Continuous application of different organic additives can suppress tomato disease by inducing the healthy rhizospheric microbiota through alterations to the bulk soil microflora

Abstract

Aims: Bio-organic fertilizer and different additives are widely applied to suppress soil-borne diseases. However, how different additives alter bulk soil microflora and thereby induce the healthy rhizospheric microflora remains unclear. Methods: A 3-season field experiment containing four fertilization management programs (chemical fertilizer, organic fertilizer, amino acid organic fertilizer, and bio-organic fertilizer was conducted in a tomato production agroecosystem with high disease incidence to evaluate the induced efficacy.
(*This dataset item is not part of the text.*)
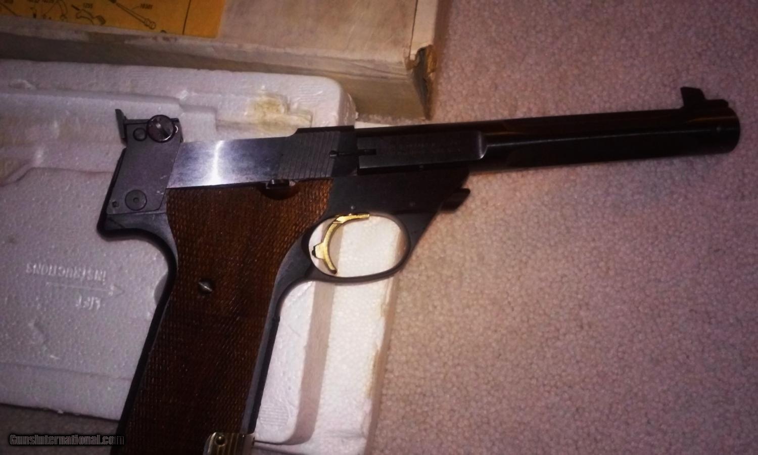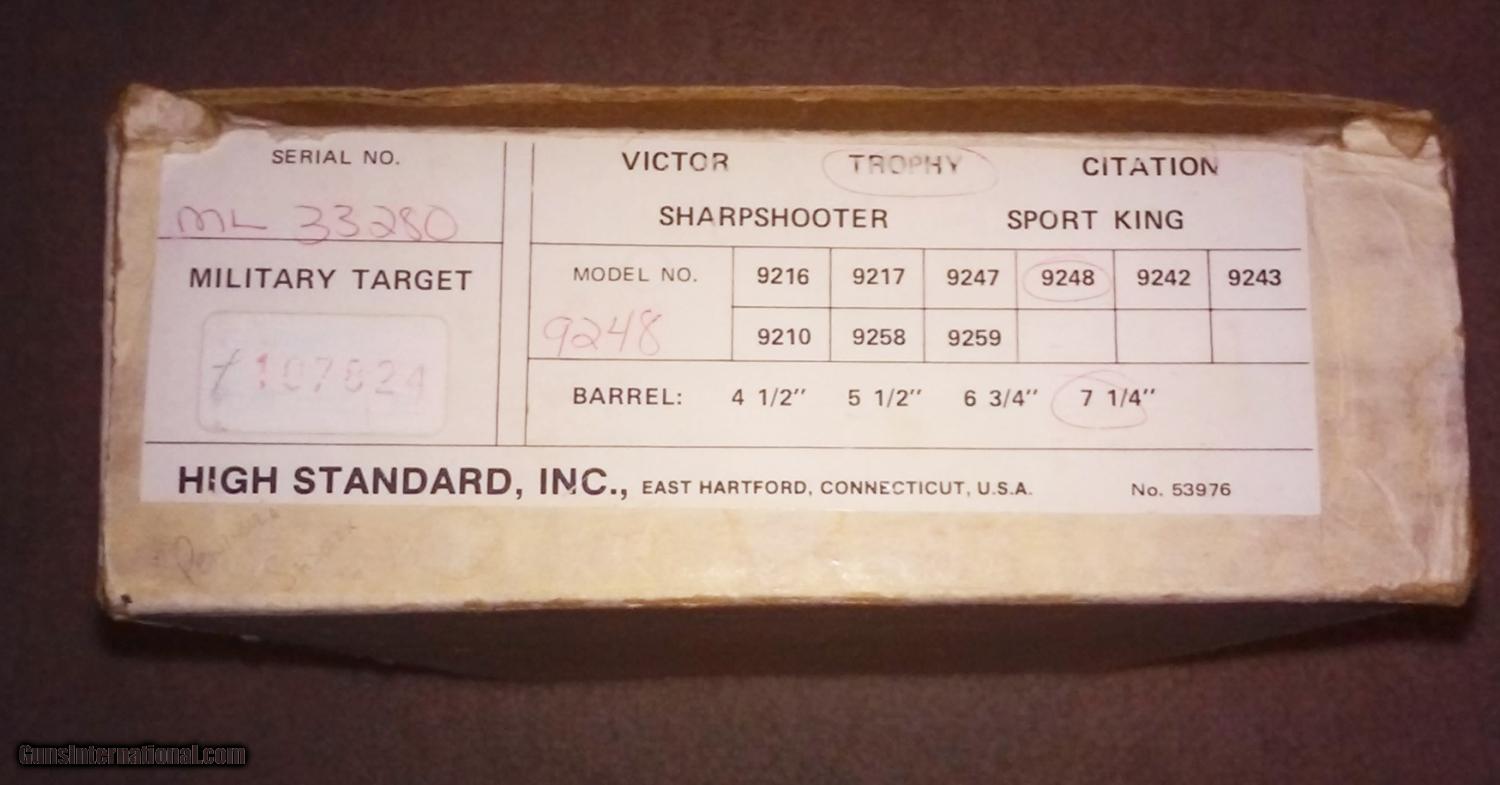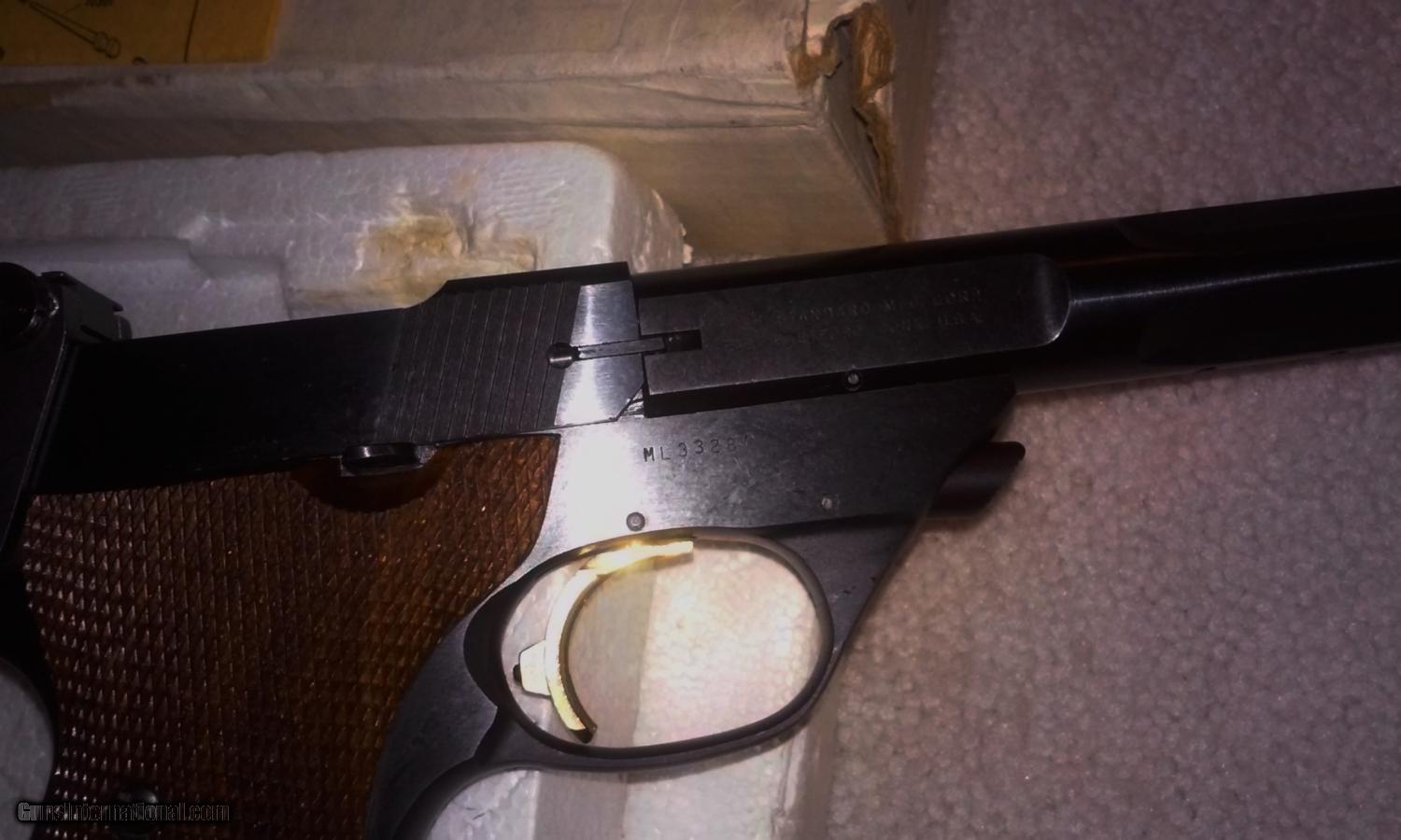 Description: High Standard Military Trophy Pristine NEW IN BOX condition UNFIRED beautiul fluted 7 1/4" barrel. 1977 ML series.Original box match to gun. A no excuse gun- find one cleaner! Make an offer! Money order 35.00 Shipping SOLD Manufacturer: Hi Standard Model: Military Trophy Caliber Info: .22 |

The bacterial and fungal microflora of bulk and rhizosphere soil influenced by different management programs were performed on the Illumina MiSeq platform. Principal coordinate analysis based on the Bray-Curtis distance metric was performed to compare the similarities and differences of the bacterial and fungal community compositions among all soil samples. Results: Soil amended with organic fertilizer, amino acid organic fertilizer, and bio-organic fertilizer progressively and significantly suppressed tomato diseases in comparison with chemical fertilizer, and bio-organic fertilizer presented the best efficacy in all seasons. Interestingly, rhizospheric and bulk soil bacterial and fungal communities of the different fertilization management programs were separated from each other. Six bacterial and 10 fungal rhizospheric genera positively correlated with the same genera observed in bulk soil showing significant relationships with tomato disease incidence were observed, and functional strain SQR9 can be detected in the bulk and rhizosphere soils of bio-organic fertilizer treatments. Additionally, the redundancy analysis results showed the genera in treated chemical fertilizer bulk soil were dominated by Ralstonia and Fusarium, the abundances of which were highest and lowest in treated chemical fertilizer and bio-organic fertilizer rhizosphere, respectively. Conclusions: This study provided insights into soil-borne disease suppression by bulk soil management and confirmed that alterations to the bulk soil microbiota by different organic additives played distinct roles in the formation of rhizospheric soil microflora for the suppression of disease.